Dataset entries
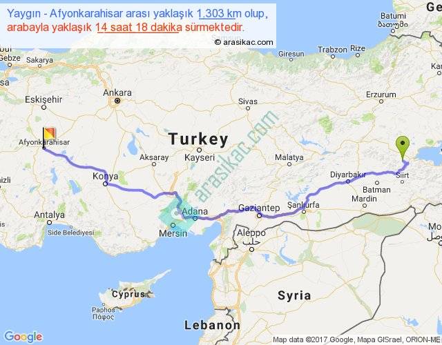 Yaygın - Afyonkarahisar arası yaklaşık olarak 90 km/h ile yukarıda belirtilen sürede olup, iki yerin kuş uçuşu uzaklığı (mesafesi) 986'dir. Eğer belirtilen yerler arasında uçak seferi var ise bu süre uçakla 1 saat 31 dakika'ya kadar düşebilir. Yolculuk otobüsle 18 saat 35 dakika sürmektedir.
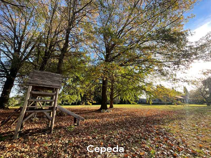 Terreno: 2.8 hectáreas con casa principal, piscina, quinchos y amplios espacios verdes forestados con árboles añejos, de gran porte como alcanfores, fresnos, eucaliptus y robles.
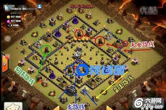 龙流负责灭掉对方女王,但是下龙的时机一定要把握好,主要配合天女推进的速度,如果等女王灭掉援兵拆掉设计路线上的防空塔再下龙很容易后戏时间不够。像这个阵型,其余防空塔距离女王教远,女王前面建筑较多,还有大本营、2个金库1个水库这种血量教厚的建筑,所以必须提前下龙。
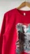 Get festive with a spooky twist! This bright red Bella + Canvas long sleeve shirt features a fun holiday-horror mashup — a masked figure in a Santa hat surrounded by snowflakes with the phrase “Slashin’ Through the Snow.”
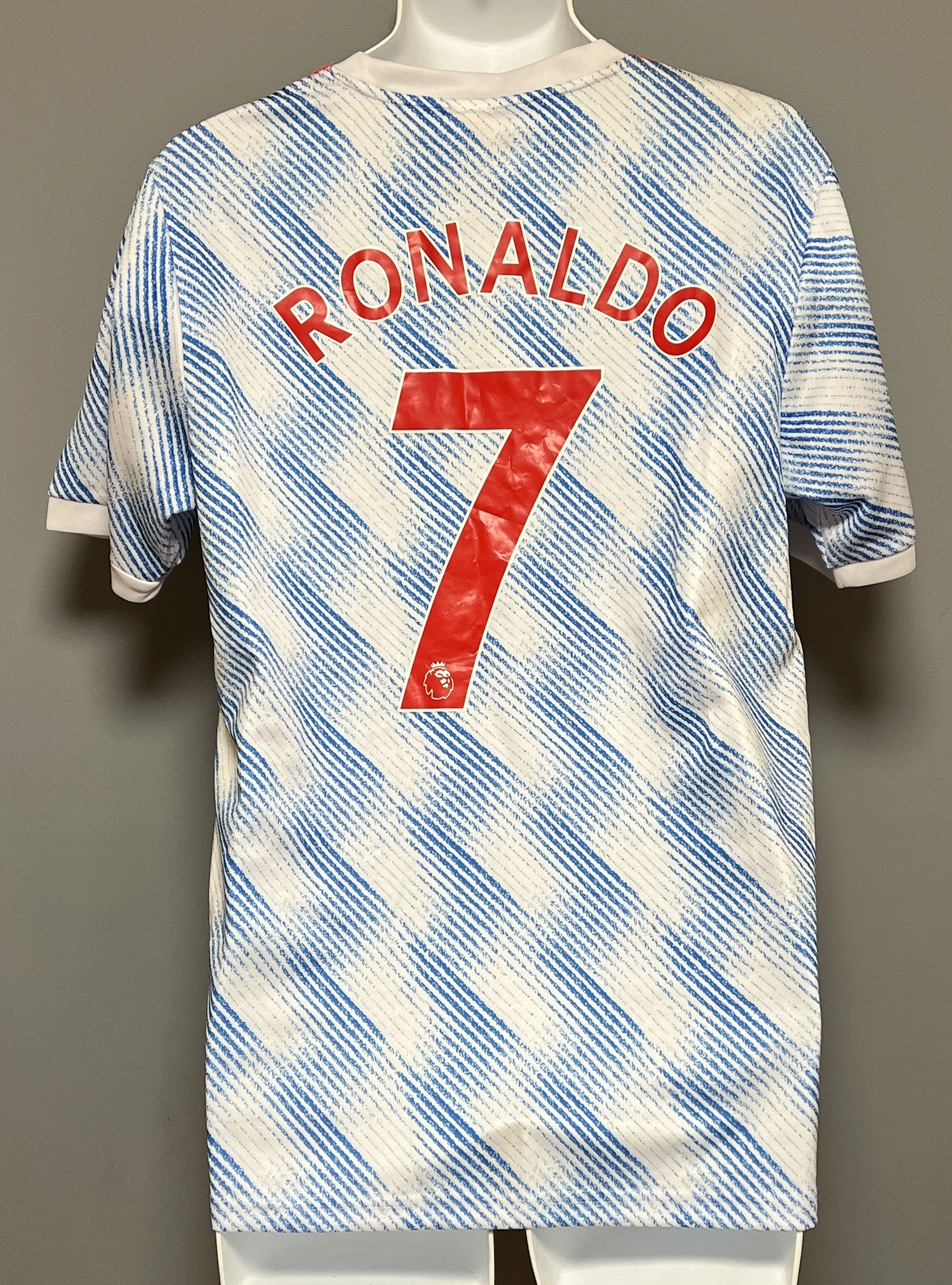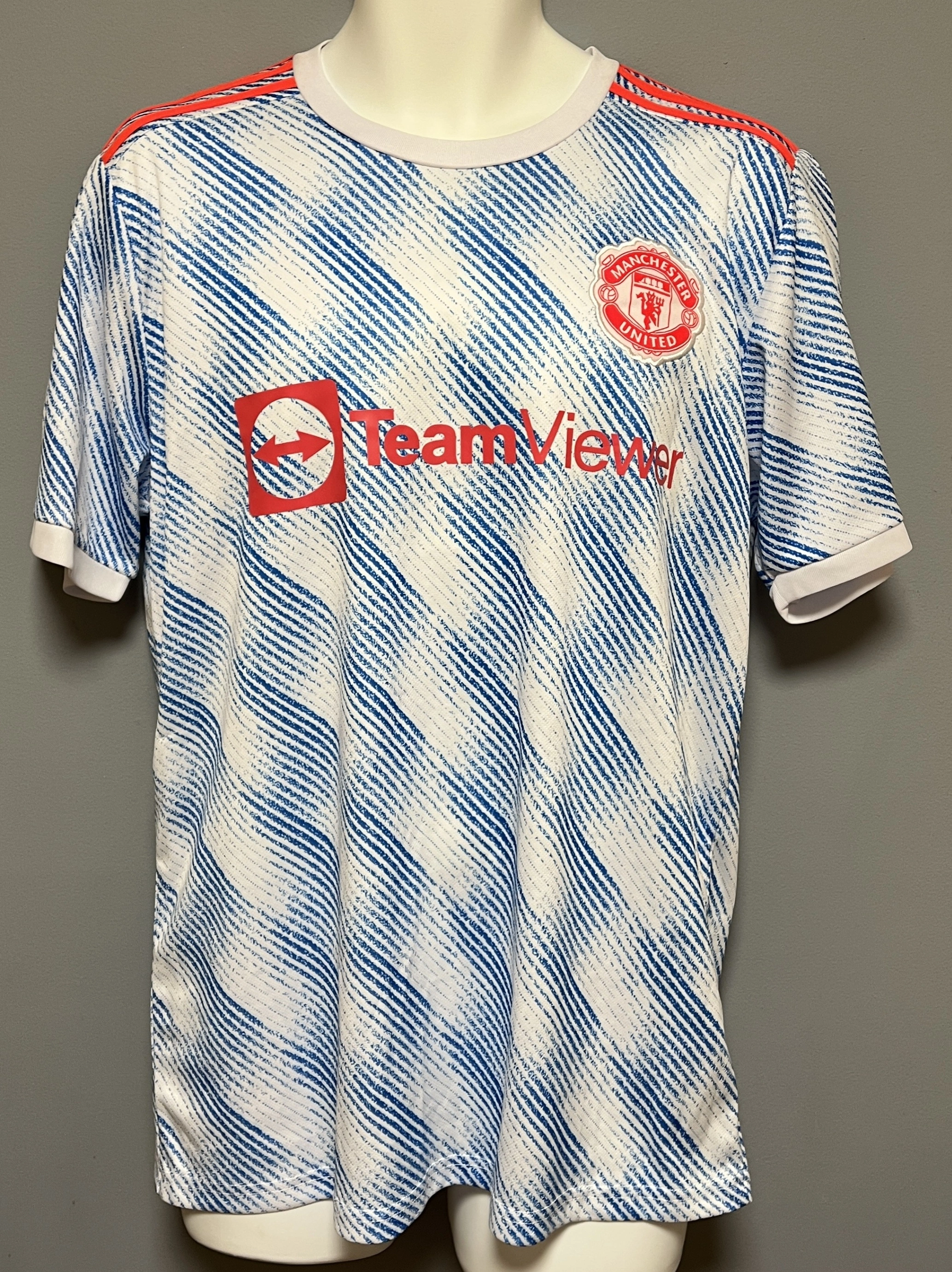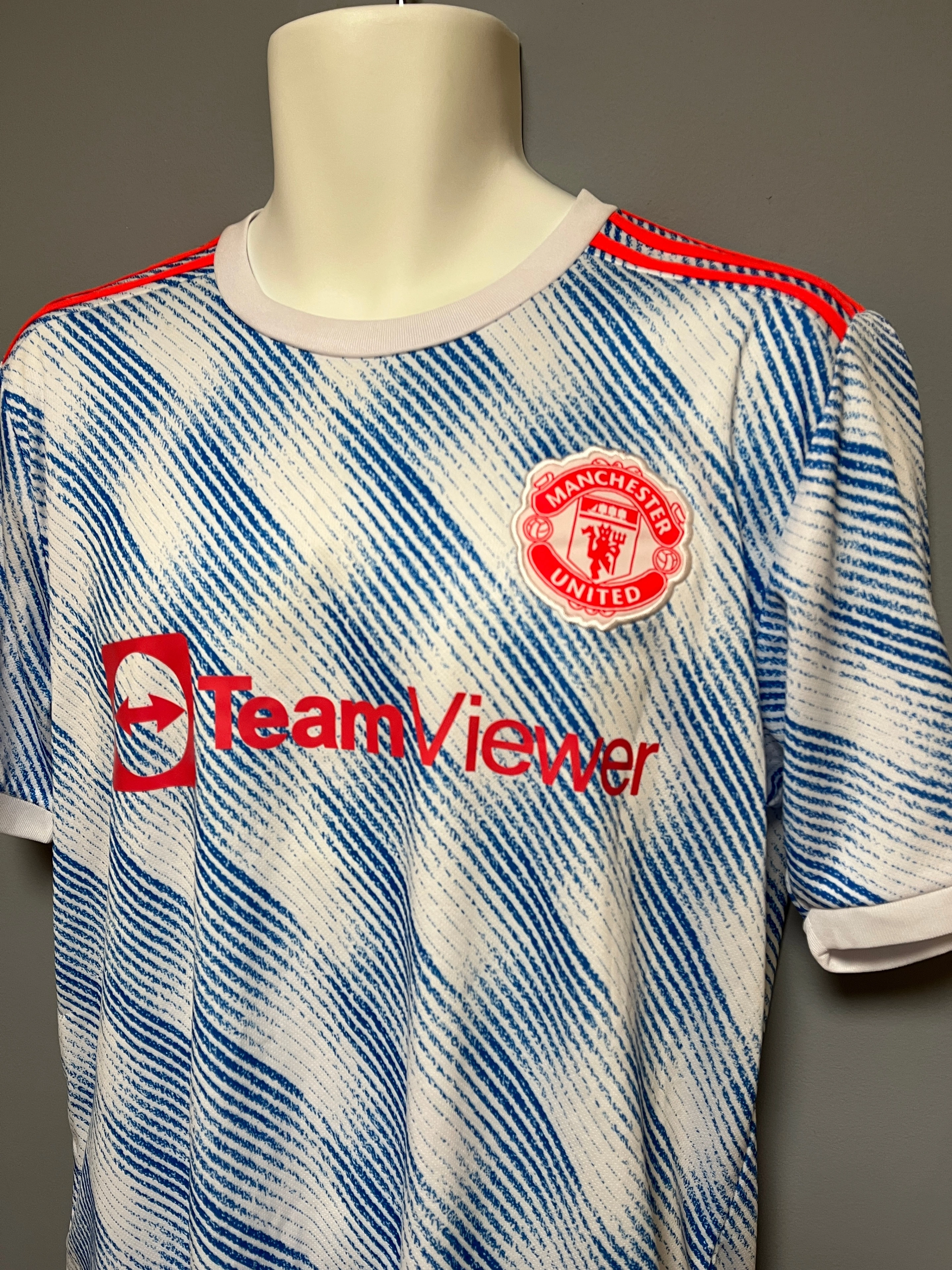Selling a Manchester United jersey with Ronaldo's name and number 7 on the back! It's a size L and made of 100% polyester. The jersey features the TeamViewer sponsor logo on the front and the Manchester United crest on the chest
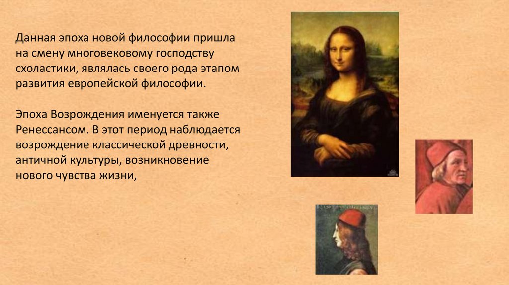 Философия эпохи Возрождения, активнопробуждает интерес к литературе и искусству
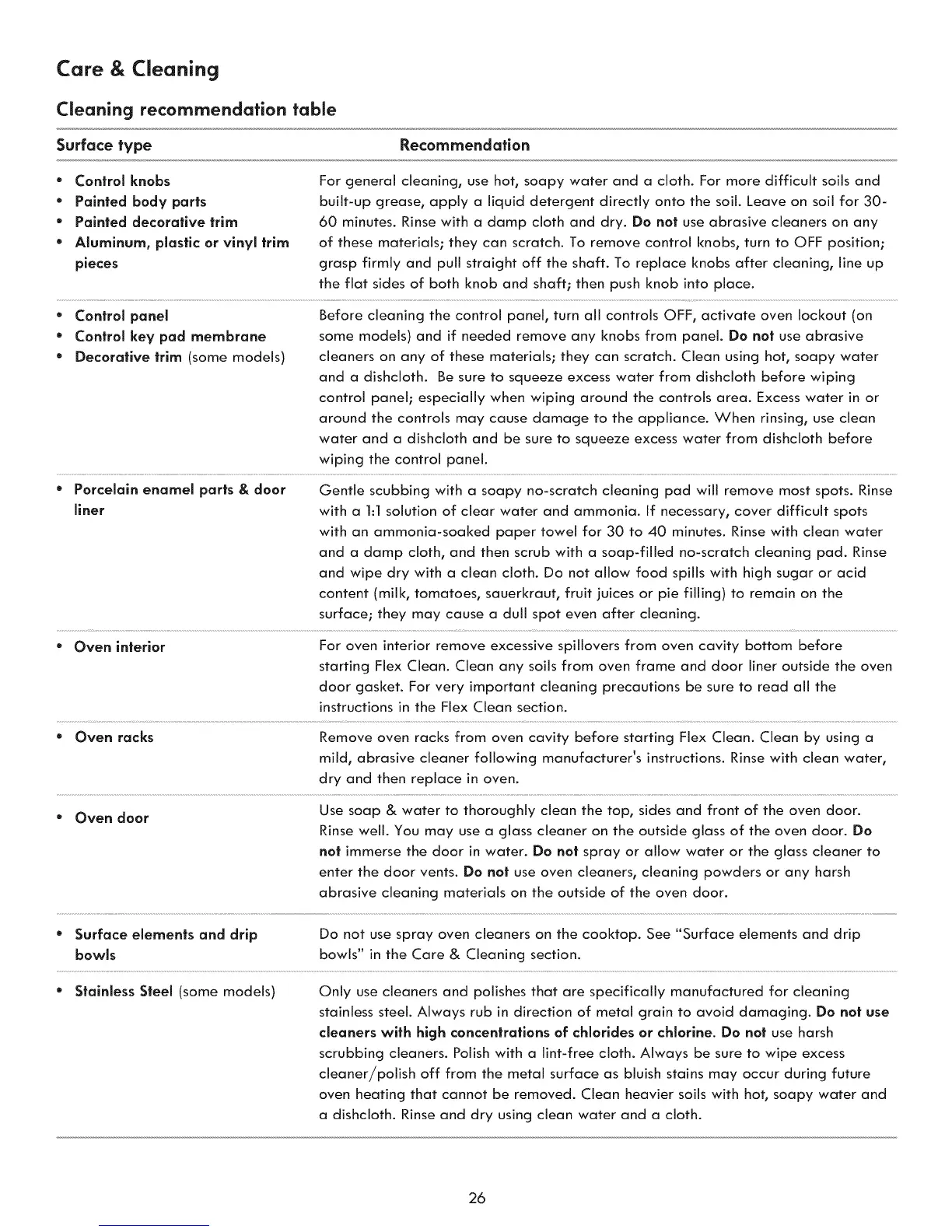 " Stainless Steel (some models) Only use cleaners and polishes that are specifically manufactured for cleaning
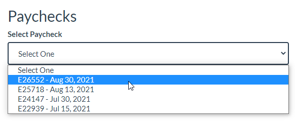 - Choose “Select Paycheck” drop-down box, then select the stub you would like to view. In the preview box where your stub is displayed you will have the option to download or print your pay stub. Stubs are only available from 7/15/2021 forward.
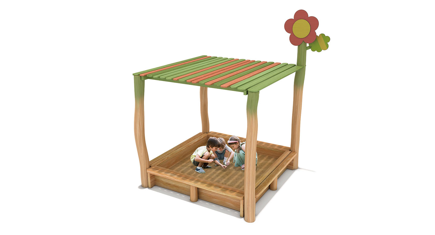 자연친화적인 원목 구조로 제작된 모래놀이 공간으로, 지붕이 있어 햇빛을 차단하며 쾌적하게 놀이할 수 있습니다. 아이들이 모래를 활용한 만들기·탐색 놀이를 통해 감각 발달과 창의력을 키울 수 있는 자연형 놀이시설입니다. 귀여운 꽃 장식 요소가 추가되어 정서적 안정감과 즐거움을 함께 제공합니다.
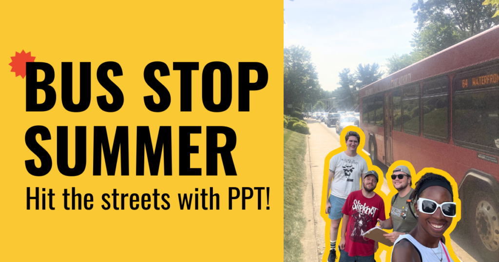 Image Description: PPT members highlighted in yellow, on a glowy background of a bus stop on a summer day. Next to them is the phrase “Bus stop summer: hit the streets with PPT!”
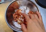 2 片栗粉を入れ、均一にまぶす。
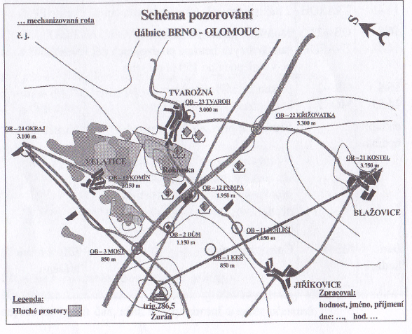 Pozorovací sektor: - vpravo vaše stanoviště - severní okraj osady Blažovice

PROBLEM DESCRIPTION:
From the first line above down to the line with "Get festive with", reproduce every line and no others, omitting pictures.

RESULT OF THIS EXERCISE:
 Yaygın - Afyonkarahisar arası yaklaşık olarak 90 km/h ile yukarıda belirtilen sürede olup, iki yerin kuş uçuşu uzaklığı (mesafesi) 986'dir. Eğer belirtilen yerler arasında uçak seferi var ise bu süre uçakla 1 saat 31 dakika'ya kadar düşebilir. Yolculuk otobüsle 18 saat 35 dakika sürmektedir.
 Terreno: 2.8 hectáreas con casa principal, piscina, quinchos y amplios espacios verdes forestados con árboles añejos, de gran porte como alcanfores, fresnos, eucaliptus y robles.
 龙流负责灭掉对方女王,但是下龙的时机一定要把握好,主要配合天女推进的速度,如果等女王灭掉援兵拆掉设计路线上的防空塔再下龙很容易后戏时间不够。像这个阵型,其余防空塔距离女王教远,女王前面建筑较多,还有大本营、2个金库1个水库这种血量教厚的建筑,所以必须提前下龙。
 Get festive with a spooky twist! This bright red Bella + Canvas long sleeve shirt features a fun holiday-horror mashup — a masked figure in a Santa hat surrounded by snowflakes with the phrase “Slashin’ Through the Snow.”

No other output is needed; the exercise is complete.